Evergreen Times
- Type: Biweekly newspaper
- Format: Tabloid
- Owner(s): Times Media, Inc.
- Publisher: William Bellou
- Editor: William Bellou
- Founded: 1982
- Language: English
- Headquarters: 1900 Camden Ave, San Jose, CA United States
- Circulation: 20,000-32,000
- OCLC number: 39758998
- Website: timesmediainc.com

= Evergreen Times =

The Evergreen Times, established in 1982, is a twice monthly newspaper published in Evergreen, San Jose, California, United States. The Evergreen Times is part of Times Media, Inc., an "independently owned newspaper group devoted to accurate and balanced coverage of events that affect your community." It is published by William Bellou, Publisher/CEO, and with a pre-covid circulation of 18,000-20,000 copies. The newspaper is available in print and online.

In 2013, Times Media Inc. was recognized by the City of San Jose for its 30 years of community news coverage.

== Notable history ==
In 1994, the Evergreen Times was named in a story that spread across the United States when a video surfaced of a San Jose Councilwoman making racist and homophobic remarks. The paper's former editor, Bill Stubbee, said that "we do not feel it is enough of an issue to recall someone.

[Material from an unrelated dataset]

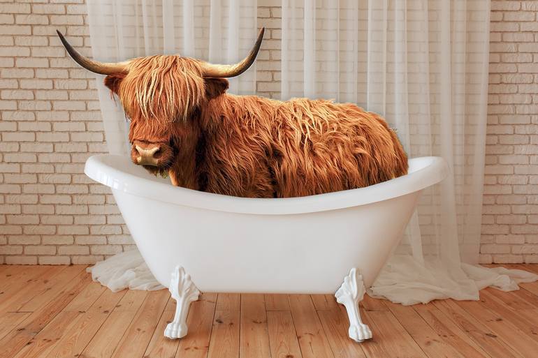 Luxury vintage bathtub on white brick background. Love Design with a head of a Highland Cow, This cow motive is an original gift idea all farmers, breeders, farmers and animal lovers with a sense of humor; who celebrate cattle, cows, calves and farm animals. an eye-catcher on the farm or agriculture...

In 2000, the paper was accused by a city Councilwoman of censoring an op-ed that she penned for the paper. The paper had omitted a line in the op-ed in which the Councilwoman, Alice Woody, had expressed her support for a specific candidate to replace her on the Council. Bill Stubbee argued that he removed the sentence because it violated his rule that the newspaper columns not endorse any candidate.